# Zennox metal detector



## compo (1 Dec 2012)

Long shot but has anyone ever bought a Zennox detector, the one with 4 control knobs on it. I have one and have lost the instructions through a number of house moves and I was wondering if on the off chance anyone has a set of instructions they could scan for me. I haven't used it for so long I have forgotten how to set it all up. I am happy to make a payment if anyone can help. Thanks.


----------



## Dangermouse (2 Dec 2012)

I have done a quick search and if you pay a few quid its here to download

http://204.197.251.177/results.php?search=zennox+metal+detector


----------



## compo (2 Dec 2012)

Dangermouse said:


> I have done a quick search and if you pay a few quid its here to download
> 
> http://204.197.251.177/results.php?search=zennox metal detector


 
Unfortunately it isn't, nor on many other similar sites. It only has the Zennox telescope.
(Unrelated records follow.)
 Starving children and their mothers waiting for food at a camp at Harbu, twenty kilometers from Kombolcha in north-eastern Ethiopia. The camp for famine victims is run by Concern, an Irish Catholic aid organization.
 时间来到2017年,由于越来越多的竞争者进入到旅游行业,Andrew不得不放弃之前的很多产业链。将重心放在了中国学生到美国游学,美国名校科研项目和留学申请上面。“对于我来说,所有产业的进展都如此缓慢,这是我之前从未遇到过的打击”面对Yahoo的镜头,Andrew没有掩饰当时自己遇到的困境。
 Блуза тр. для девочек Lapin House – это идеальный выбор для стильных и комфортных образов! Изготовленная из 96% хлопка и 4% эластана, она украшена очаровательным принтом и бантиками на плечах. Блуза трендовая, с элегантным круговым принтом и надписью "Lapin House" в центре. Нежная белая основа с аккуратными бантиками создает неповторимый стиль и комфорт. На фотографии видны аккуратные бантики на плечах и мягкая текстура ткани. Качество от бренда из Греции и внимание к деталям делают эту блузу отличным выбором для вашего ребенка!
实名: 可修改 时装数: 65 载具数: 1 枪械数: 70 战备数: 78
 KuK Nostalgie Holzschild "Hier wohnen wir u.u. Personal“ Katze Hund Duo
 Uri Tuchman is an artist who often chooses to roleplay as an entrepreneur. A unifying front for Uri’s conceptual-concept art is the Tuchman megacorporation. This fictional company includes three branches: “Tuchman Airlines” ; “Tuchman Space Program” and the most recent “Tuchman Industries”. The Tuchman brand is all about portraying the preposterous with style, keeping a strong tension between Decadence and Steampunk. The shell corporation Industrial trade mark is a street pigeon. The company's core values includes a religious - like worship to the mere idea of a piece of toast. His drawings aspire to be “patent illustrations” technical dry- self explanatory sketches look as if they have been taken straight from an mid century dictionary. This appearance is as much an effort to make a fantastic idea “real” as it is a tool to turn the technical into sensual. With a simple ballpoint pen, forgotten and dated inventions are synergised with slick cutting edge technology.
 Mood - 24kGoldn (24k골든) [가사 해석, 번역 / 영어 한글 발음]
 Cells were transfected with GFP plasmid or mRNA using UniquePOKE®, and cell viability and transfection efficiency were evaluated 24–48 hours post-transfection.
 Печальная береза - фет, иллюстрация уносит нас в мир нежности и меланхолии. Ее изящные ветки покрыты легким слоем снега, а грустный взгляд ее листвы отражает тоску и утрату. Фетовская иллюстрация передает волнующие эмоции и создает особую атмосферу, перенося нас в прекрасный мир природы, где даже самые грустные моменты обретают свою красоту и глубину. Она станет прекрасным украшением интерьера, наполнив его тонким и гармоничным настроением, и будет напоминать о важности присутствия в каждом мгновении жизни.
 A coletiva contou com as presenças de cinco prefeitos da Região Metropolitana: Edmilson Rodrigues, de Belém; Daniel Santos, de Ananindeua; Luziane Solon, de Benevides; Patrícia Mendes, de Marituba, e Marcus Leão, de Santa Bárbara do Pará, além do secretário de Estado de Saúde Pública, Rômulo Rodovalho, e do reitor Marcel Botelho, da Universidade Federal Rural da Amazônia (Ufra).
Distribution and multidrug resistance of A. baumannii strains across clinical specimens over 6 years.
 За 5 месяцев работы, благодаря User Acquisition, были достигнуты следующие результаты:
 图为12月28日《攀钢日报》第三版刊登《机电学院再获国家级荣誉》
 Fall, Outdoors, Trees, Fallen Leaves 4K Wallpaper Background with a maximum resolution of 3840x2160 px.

I have spent a fair bit of time searching, probably more time than I could have spent sorting out the detector by trial and error!


----------



## Dangermouse (2 Dec 2012)

Ahh just a thought mate, any model number on it


----------



## dellzeqq (2 Dec 2012)

Compo - I have visions of you weeding out steel bikes on your travels. 'Sorry, mate, this is an all carbon club'.


----------